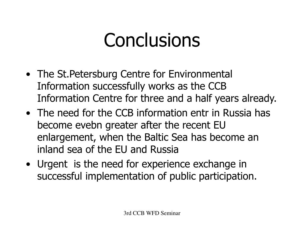 Conclusions • The St.Petersburg Centre for Environmental Information successfully works as the CCB Information Centre for three and a half years already. • The need for the CCB information entr in Russia has become evebn greater after the recent EU enlargement, when the Baltic Sea has become an inland sea of the EU and Russia • Urgent is the need for experience exchange in successful implementation of public participation. 3rd CCB WFD Seminar
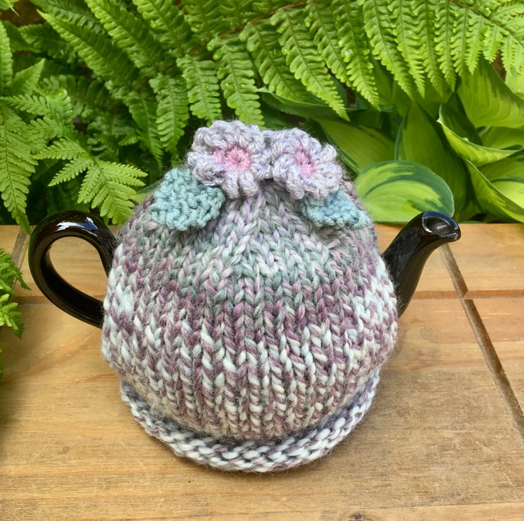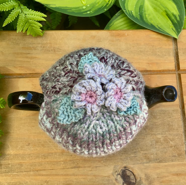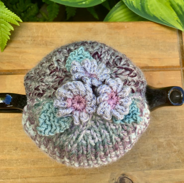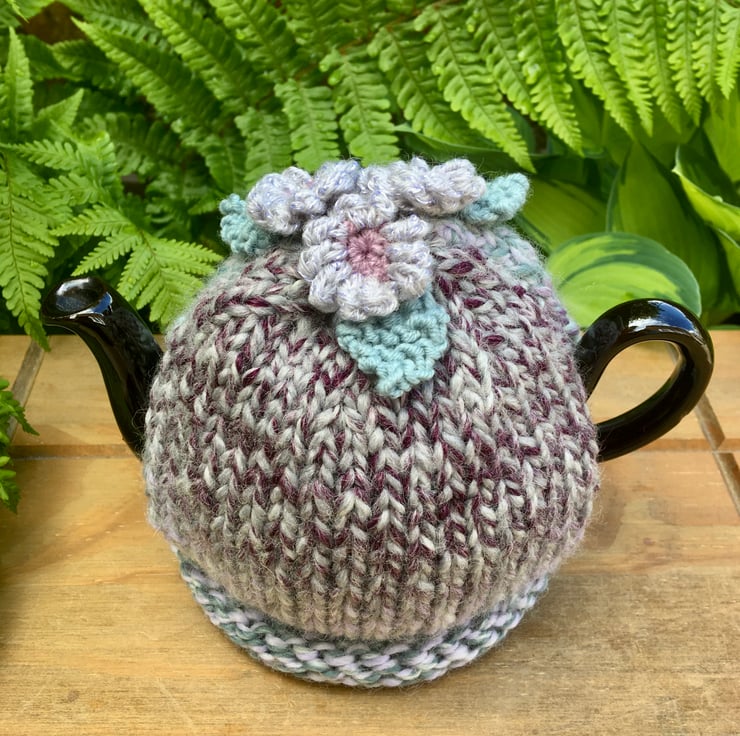I have hand knitted this tea cosy using a warm chunky yarn in marbled shades of pale duck egg blue, aubergine and mauve. There are three crochet flowers attached to the top in complementary colours. The flowers are grey with silver threads running through and a pale pink centre. The three leaves are duck egg blue. They are made using a mixture of cotton merino and acrylic yarns.
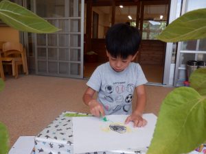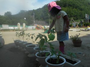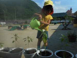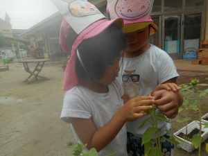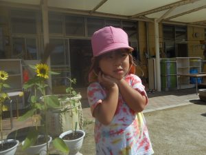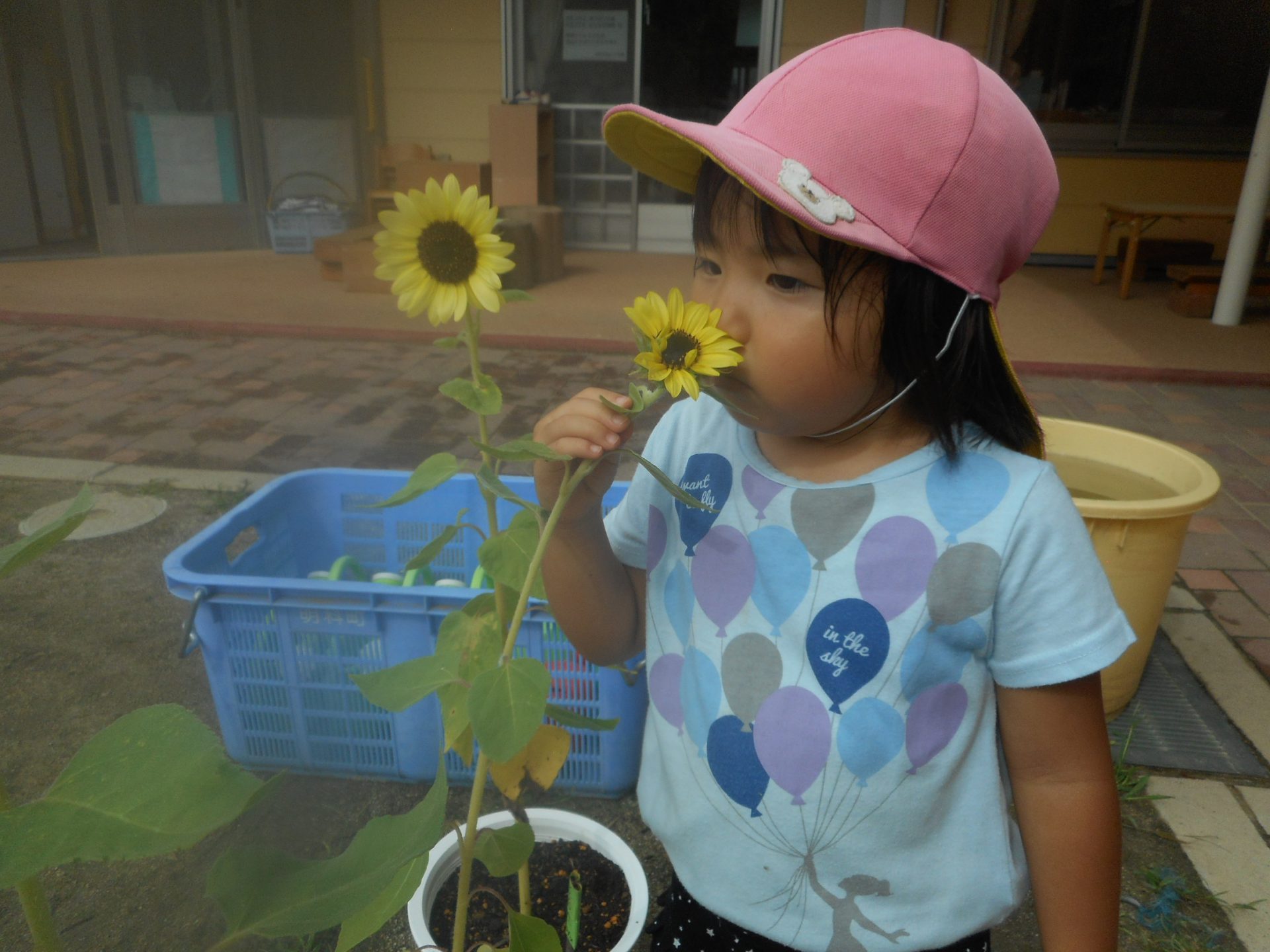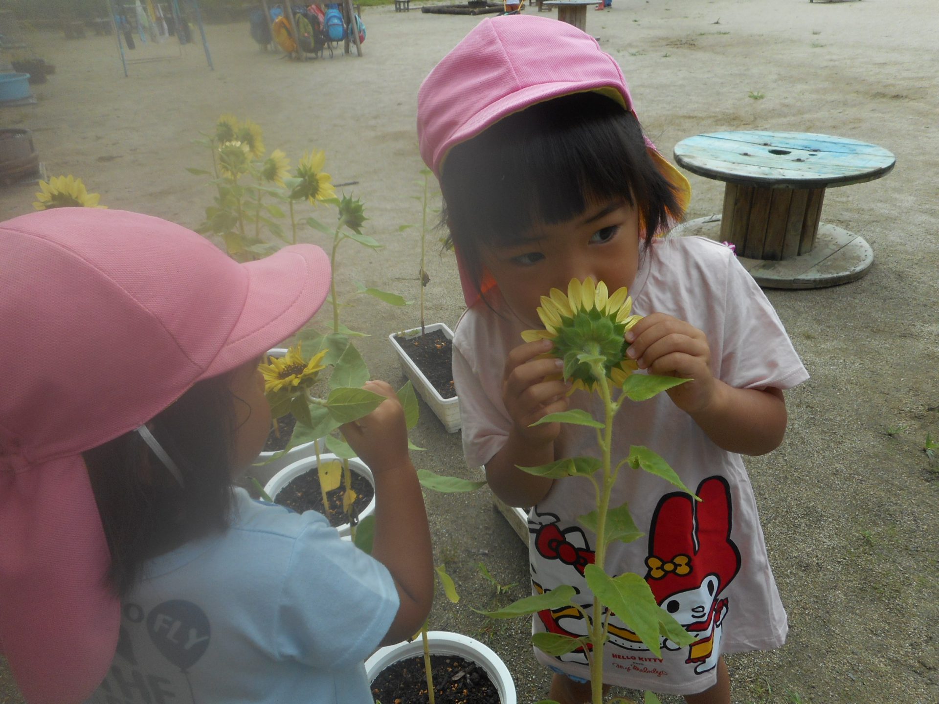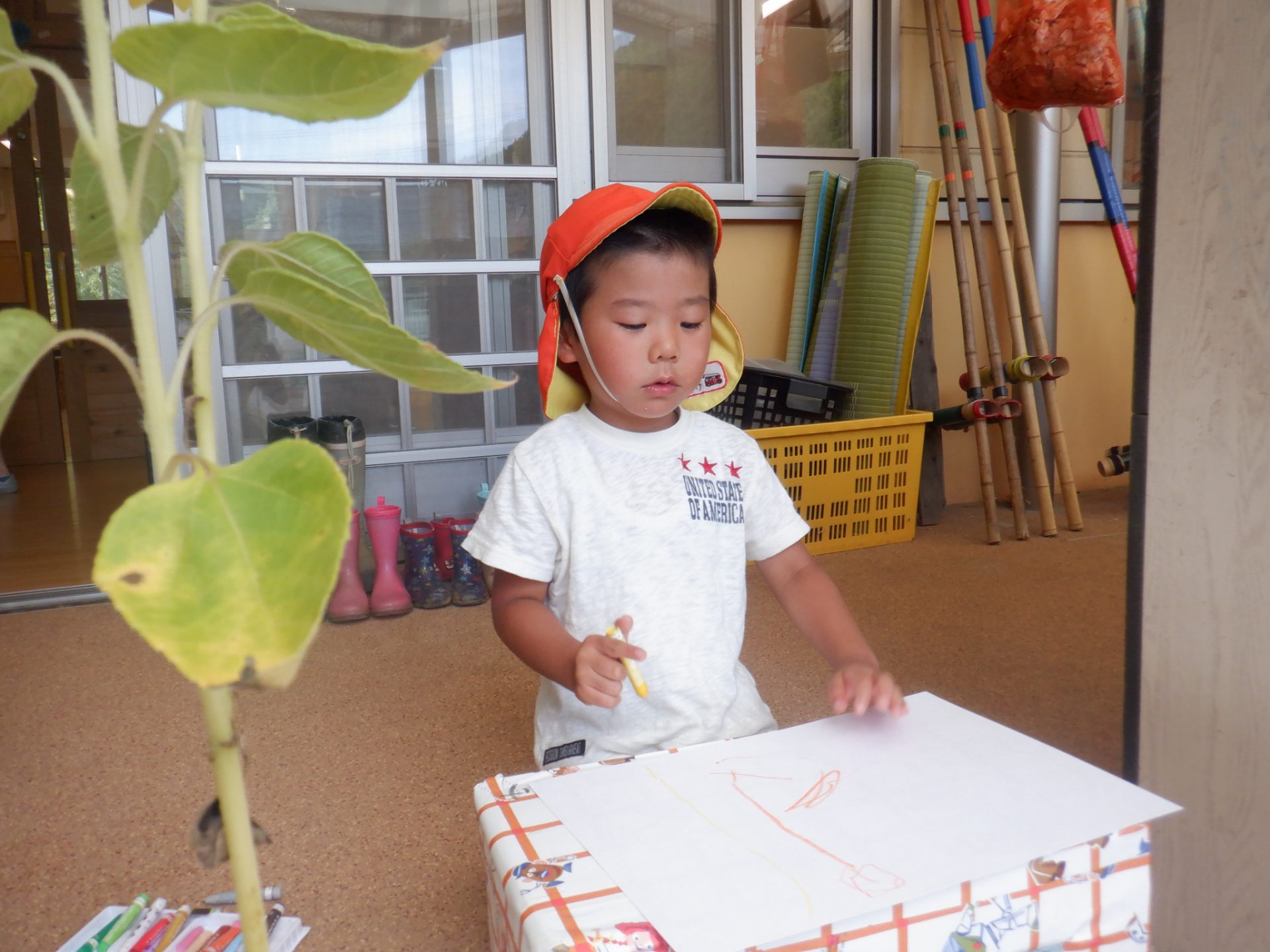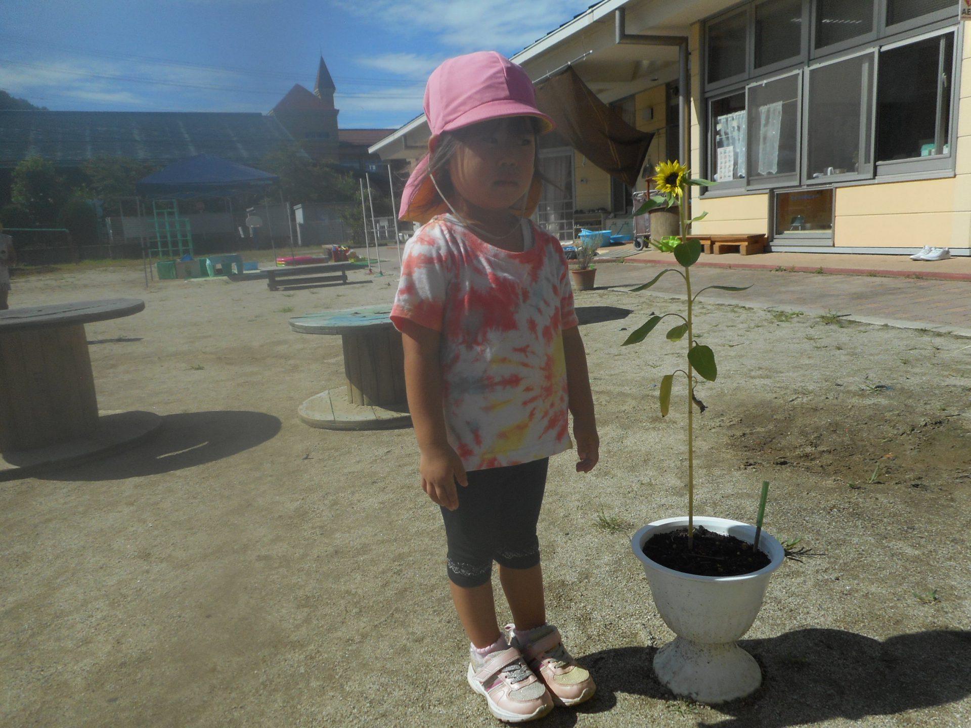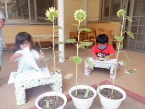 毎朝登園してきては、自分で種まきをしたプランターを観察し、「あ!はっぱがでてる!」、「これだれの?おおきくなってる!」と、日々生長していく“ひまわり”の変化に気づいたり、親しみを持ってこの夏を一緒に過ごしてきました。
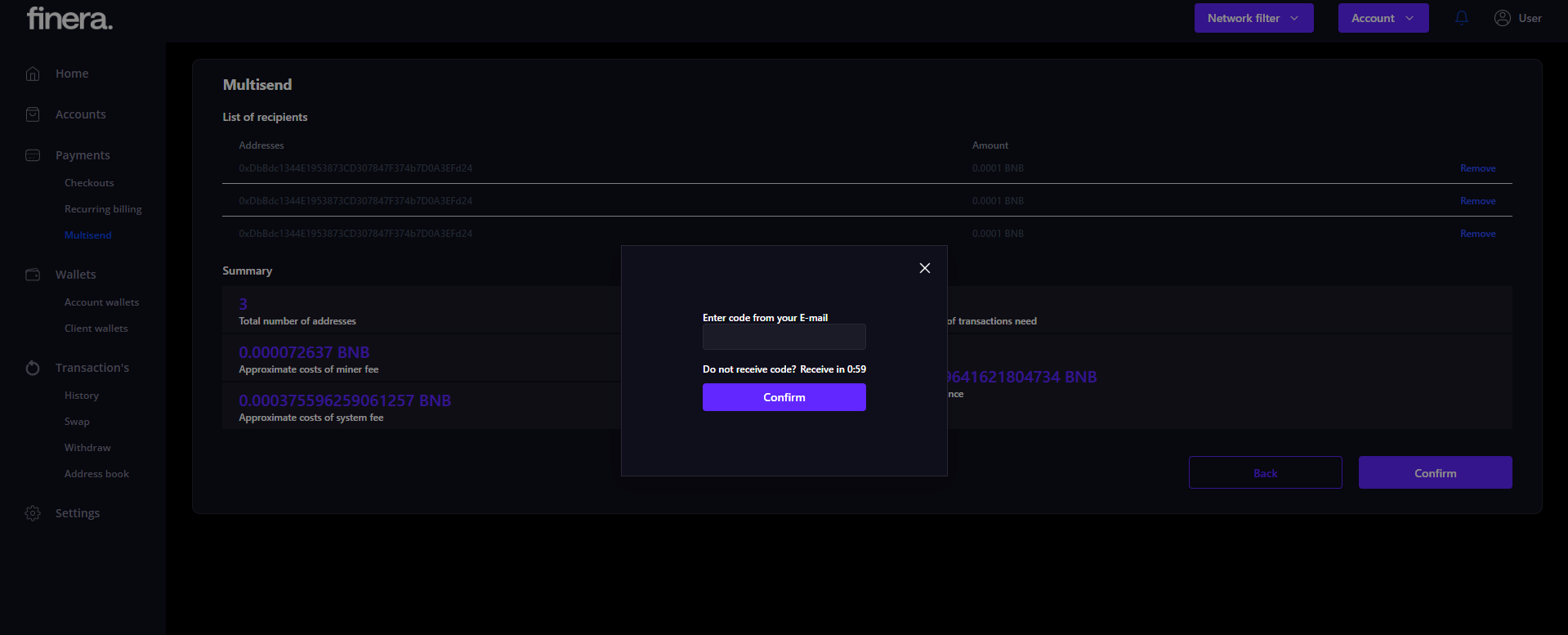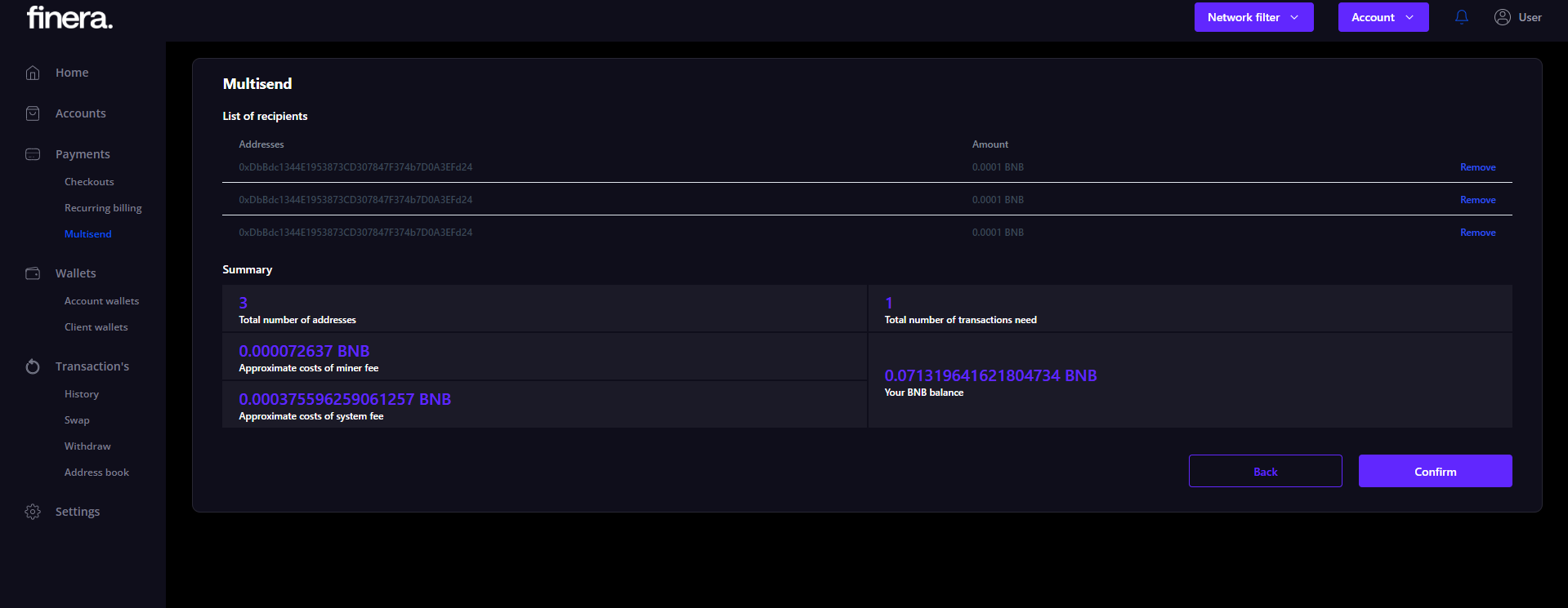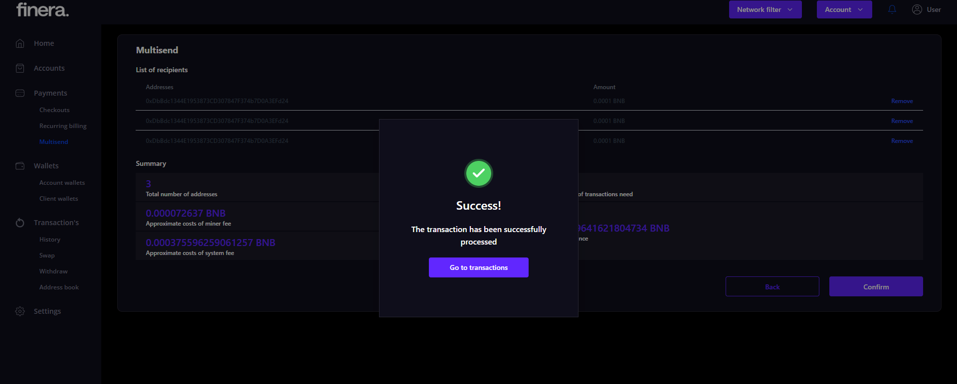 Clicking to the Next button estimates the System Fee, approves multisend and estimates Miner Fee

* _What is expected_
All of the material above should be written out exactly as given, minus any images.

* _Response box_
 Conclusions • The St.Petersburg Centre for Environmental Information successfully works as the CCB Information Centre for three and a half years already. • The need for the CCB information entr in Russia has become evebn greater after the recent EU enlargement, when the Baltic Sea has become an inland sea of the EU and Russia • Urgent is the need for experience exchange in successful implementation of public participation. 3rd CCB WFD Seminar
I have hand knitted this tea cosy using a warm chunky yarn in marbled shades of pale duck egg blue, aubergine and mauve. There are three crochet flowers attached to the top in complementary colours. The flowers are grey with silver threads running through and a pale pink centre. The three leaves are duck egg blue. They are made using a mixture of cotton merino and acrylic yarns.
 毎朝登園してきては、自分で種まきをしたプランターを観察し、「あ!はっぱがでてる!」、「これだれの?おおきくなってる!」と、日々生長していく“ひまわり”の変化に気づいたり、親しみを持ってこの夏を一緒に過ごしてきました。
 Clicking to the Next button estimates the System Fee, approves multisend and estimates Miner Fee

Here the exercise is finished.